Stored records
=== Section Start ===

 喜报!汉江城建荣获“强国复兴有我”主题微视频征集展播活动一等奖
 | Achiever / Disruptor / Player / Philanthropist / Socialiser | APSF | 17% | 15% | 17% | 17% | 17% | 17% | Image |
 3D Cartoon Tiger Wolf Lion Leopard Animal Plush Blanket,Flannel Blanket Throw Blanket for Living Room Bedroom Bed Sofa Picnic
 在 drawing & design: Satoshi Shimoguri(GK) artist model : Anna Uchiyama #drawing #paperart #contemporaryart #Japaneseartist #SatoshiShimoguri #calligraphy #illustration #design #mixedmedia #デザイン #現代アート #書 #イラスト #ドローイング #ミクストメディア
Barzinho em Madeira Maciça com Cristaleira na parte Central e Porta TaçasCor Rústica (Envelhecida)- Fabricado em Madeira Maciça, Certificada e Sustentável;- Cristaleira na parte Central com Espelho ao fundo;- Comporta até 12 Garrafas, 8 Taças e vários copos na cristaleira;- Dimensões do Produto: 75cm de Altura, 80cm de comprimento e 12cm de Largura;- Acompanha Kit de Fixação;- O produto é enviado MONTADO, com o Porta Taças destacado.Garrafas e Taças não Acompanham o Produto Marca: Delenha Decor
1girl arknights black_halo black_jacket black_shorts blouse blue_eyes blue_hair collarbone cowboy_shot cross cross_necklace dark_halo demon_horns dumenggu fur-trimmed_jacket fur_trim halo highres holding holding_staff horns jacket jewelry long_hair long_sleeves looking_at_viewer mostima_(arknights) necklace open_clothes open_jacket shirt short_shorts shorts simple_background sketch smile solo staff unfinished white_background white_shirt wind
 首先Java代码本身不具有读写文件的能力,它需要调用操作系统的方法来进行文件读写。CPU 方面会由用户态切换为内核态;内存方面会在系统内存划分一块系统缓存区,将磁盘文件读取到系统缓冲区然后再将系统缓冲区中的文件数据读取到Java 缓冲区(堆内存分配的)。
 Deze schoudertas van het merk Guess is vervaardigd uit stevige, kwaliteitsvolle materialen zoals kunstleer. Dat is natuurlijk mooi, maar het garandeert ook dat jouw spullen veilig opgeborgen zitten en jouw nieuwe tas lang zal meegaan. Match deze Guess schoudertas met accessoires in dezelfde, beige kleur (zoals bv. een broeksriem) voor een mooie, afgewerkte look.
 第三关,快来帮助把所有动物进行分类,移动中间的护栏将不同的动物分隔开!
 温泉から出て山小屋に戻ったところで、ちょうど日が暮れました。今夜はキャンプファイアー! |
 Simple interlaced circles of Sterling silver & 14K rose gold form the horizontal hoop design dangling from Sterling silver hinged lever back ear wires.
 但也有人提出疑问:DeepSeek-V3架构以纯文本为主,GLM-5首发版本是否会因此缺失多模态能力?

=== Section End ===

EXERCISE PROMPT:
Write out the data again, exactly and in full.

RESPONSE BOX:
 喜报!汉江城建荣获“强国复兴有我”主题微视频征集展播活动一等奖
 | Achiever / Disruptor / Player / Philanthropist / Socialiser | APSF | 17% | 15% | 17% | 17% | 17% | 17% | Image |
 3D Cartoon Tiger Wolf Lion Leopard Animal Plush Blanket,Flannel Blanket Throw Blanket for Living Room Bedroom Bed Sofa Picnic
 在 drawing & design: Satoshi Shimoguri(GK) artist model : Anna Uchiyama #drawing #paperart #contemporaryart #Japaneseartist #SatoshiShimoguri #calligraphy #illustration #design #mixedmedia #デザイン #現代アート #書 #イラスト #ドローイング #ミクストメディア
Barzinho em Madeira Maciça com Cristaleira na parte Central e Porta TaçasCor Rústica (Envelhecida)- Fabricado em Madeira Maciça, Certificada e Sustentável;- Cristaleira na parte Central com Espelho ao fundo;- Comporta até 12 Garrafas, 8 Taças e vários copos na cristaleira;- Dimensões do Produto: 75cm de Altura, 80cm de comprimento e 12cm de Largura;- Acompanha Kit de Fixação;- O produto é enviado MONTADO, com o Porta Taças destacado.Garrafas e Taças não Acompanham o Produto Marca: Delenha Decor
1girl arknights black_halo black_jacket black_shorts blouse blue_eyes blue_hair collarbone cowboy_shot cross cross_necklace dark_halo demon_horns dumenggu fur-trimmed_jacket fur_trim halo highres holding holding_staff horns jacket jewelry long_hair long_sleeves looking_at_viewer mostima_(arknights) necklace open_clothes open_jacket shirt short_shorts shorts simple_background sketch smile solo staff unfinished white_background white_shirt wind
 首先Java代码本身不具有读写文件的能力,它需要调用操作系统的方法来进行文件读写。CPU 方面会由用户态切换为内核态;内存方面会在系统内存划分一块系统缓存区,将磁盘文件读取到系统缓冲区然后再将系统缓冲区中的文件数据读取到Java 缓冲区(堆内存分配的)。
 Deze schoudertas van het merk Guess is vervaardigd uit stevige, kwaliteitsvolle materialen zoals kunstleer. Dat is natuurlijk mooi, maar het garandeert ook dat jouw spullen veilig opgeborgen zitten en jouw nieuwe tas lang zal meegaan. Match deze Guess schoudertas met accessoires in dezelfde, beige kleur (zoals bv. een broeksriem) voor een mooie, afgewerkte look.
 第三关,快来帮助把所有动物进行分类,移动中间的护栏将不同的动物分隔开!
 温泉から出て山小屋に戻ったところで、ちょうど日が暮れました。今夜はキャンプファイアー! |
 Simple interlaced circles of Sterling silver & 14K rose gold form the horizontal hoop design dangling from Sterling silver hinged lever back ear wires.
 但也有人提出疑问:DeepSeek-V3架构以纯文本为主,GLM-5首发版本是否会因此缺失多模态能力?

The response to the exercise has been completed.